Поначалу большая часть людей, которые увидели в великом писателе учителя жизни, относилась к числу горожан-интеллигентов. В Ясную Поляну пишут и приезжают железнодо-рожные инженеры, недоученные агрономы, сельские учителя, библиотекари, гимназисты. Они расспрашивают Толстого, как им покинуть город, оставить жизнь, которая кажется им нечистой, нехристианской, как и где заняться ручным трудом. Некоторые толстовцы начали организовывать кооперативные товарищества, земледельческие общины. Такие общины возникали в разных местах страны, но, как правило, быстро распадались. Толстой сочувственно относится к планам вчерашних горожан. У него нет возражений против общин.

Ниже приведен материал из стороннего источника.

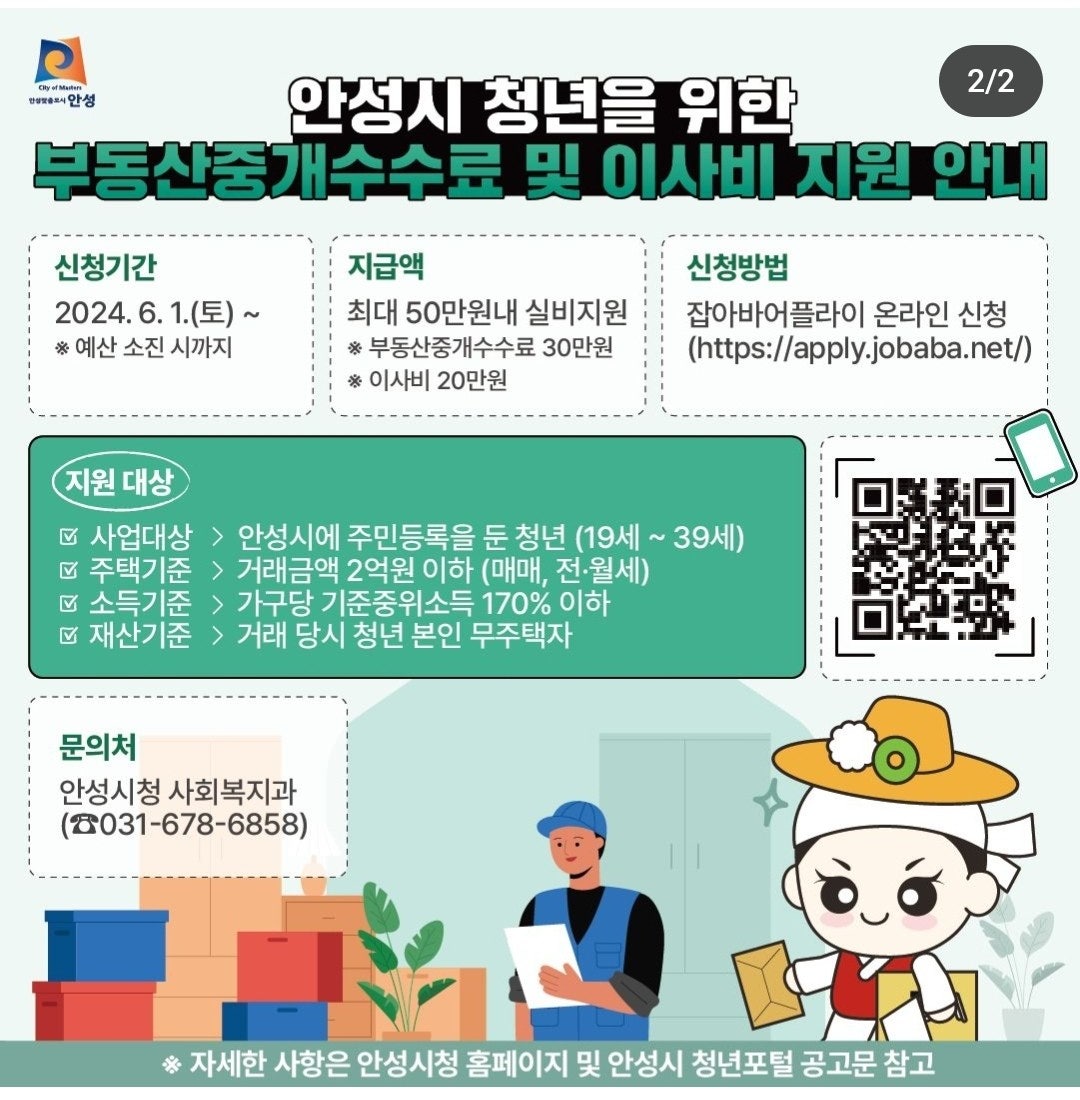 안성시에서 청년들의 주거비 부담 경감을 위해 『2024년 안성시 청년 부동산 중개수수료 및 이사비 지원사업』 대상자를 모집합니다. 이사를 하면 비용이 많이 드는데 지원을 해주니 너무 좋은 거 같습니다. 예산소진 시 종료되니 서둘러 신청하시기 바랍니다. 아래에서 지원자격 및 신청방법을 알아보겠습니다.
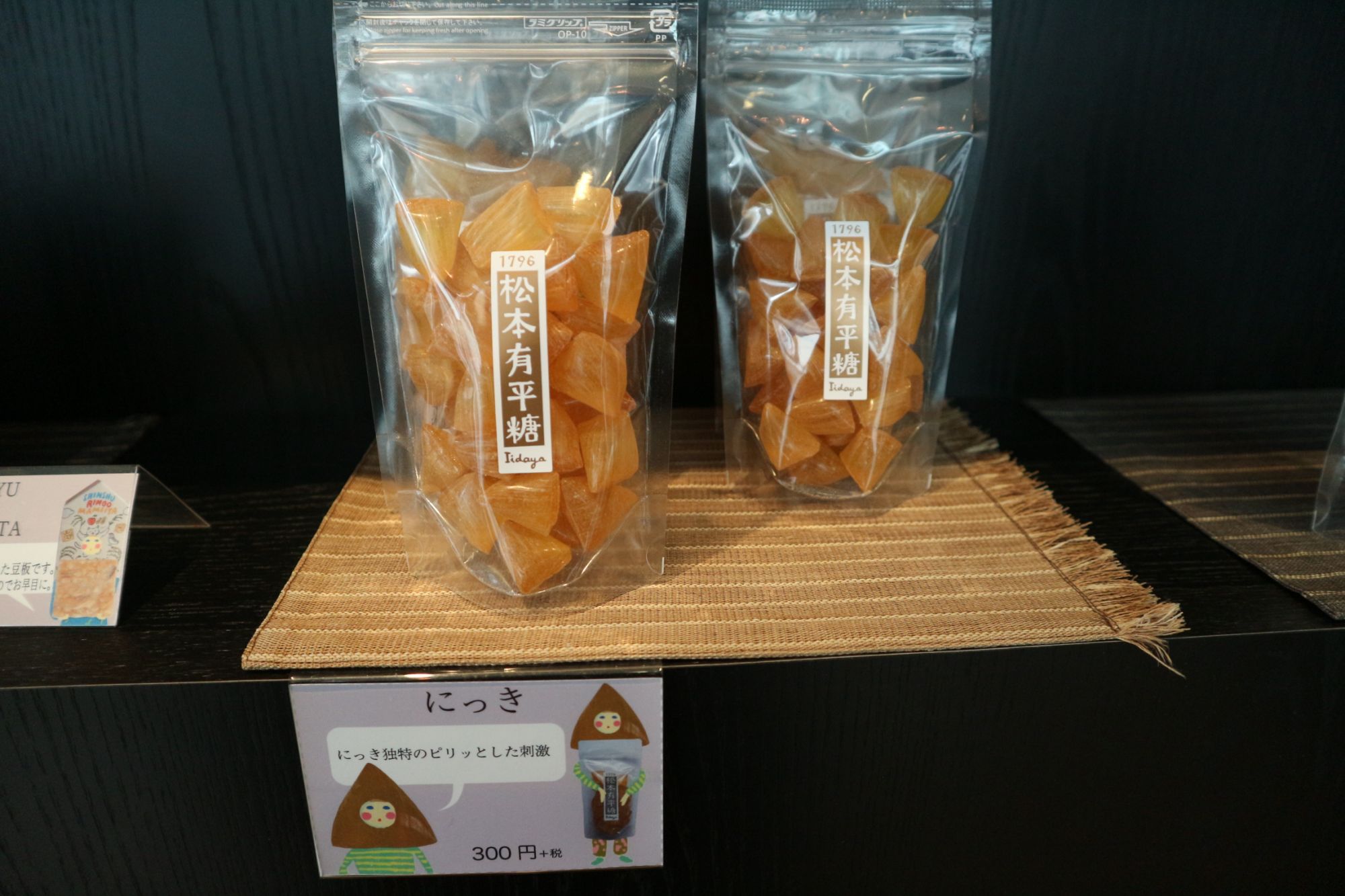 何故「道神面」??聞いてはいませんが、飯田屋飴店さんのスタッフに「ごっこ社」の方がいまして、おそらくその縁かと思います。

Одному из энтузиастов-общинников он совершенно четко разъясняет свое отношение к единомышленникам, решившим осесть на земле: «Согласен с вами в том, общем значении, которое вы приписываете общине и в особенно-сти стремлению людей к соединению, проявляющемуся в общине... Осуждать общинную форму жизни могут только люди, которые живут в форме жизни более соответствующей христианско-му и нравственному складу, чем общинное. Таковой же я не знаю...» (Л. Н. Толстой — М. С. Дудченко, 18 февраля 1909 г. Юбилейн. собр. соч., том 79, стр. 76.)

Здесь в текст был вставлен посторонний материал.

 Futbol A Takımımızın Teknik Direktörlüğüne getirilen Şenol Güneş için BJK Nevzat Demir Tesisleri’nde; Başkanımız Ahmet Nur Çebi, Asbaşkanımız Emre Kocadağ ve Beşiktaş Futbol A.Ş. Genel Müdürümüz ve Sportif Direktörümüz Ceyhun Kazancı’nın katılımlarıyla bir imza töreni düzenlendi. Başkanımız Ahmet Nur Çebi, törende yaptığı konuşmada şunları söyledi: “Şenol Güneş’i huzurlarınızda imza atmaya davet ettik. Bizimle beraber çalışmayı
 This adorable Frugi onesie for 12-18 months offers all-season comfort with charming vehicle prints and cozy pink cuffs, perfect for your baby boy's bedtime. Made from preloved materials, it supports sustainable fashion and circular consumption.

При этом, однако, Льва Николаевича беспокоит мысль о том, что всякого рода общественное предприятие само по себе требует организационных усилий, энергии, а это отвлекает людей, собравшихся в общину от их первоначальной задачи — усовершенствования своего духовного мира. Он писал: «Одно, на чем я настаиваю и что мне все яснее и яснее становится с годами, это та опасность ослабления внутренней духовной работы при перенесении всей энергии — усилия — из внутренней области во внешнюю»( Там же).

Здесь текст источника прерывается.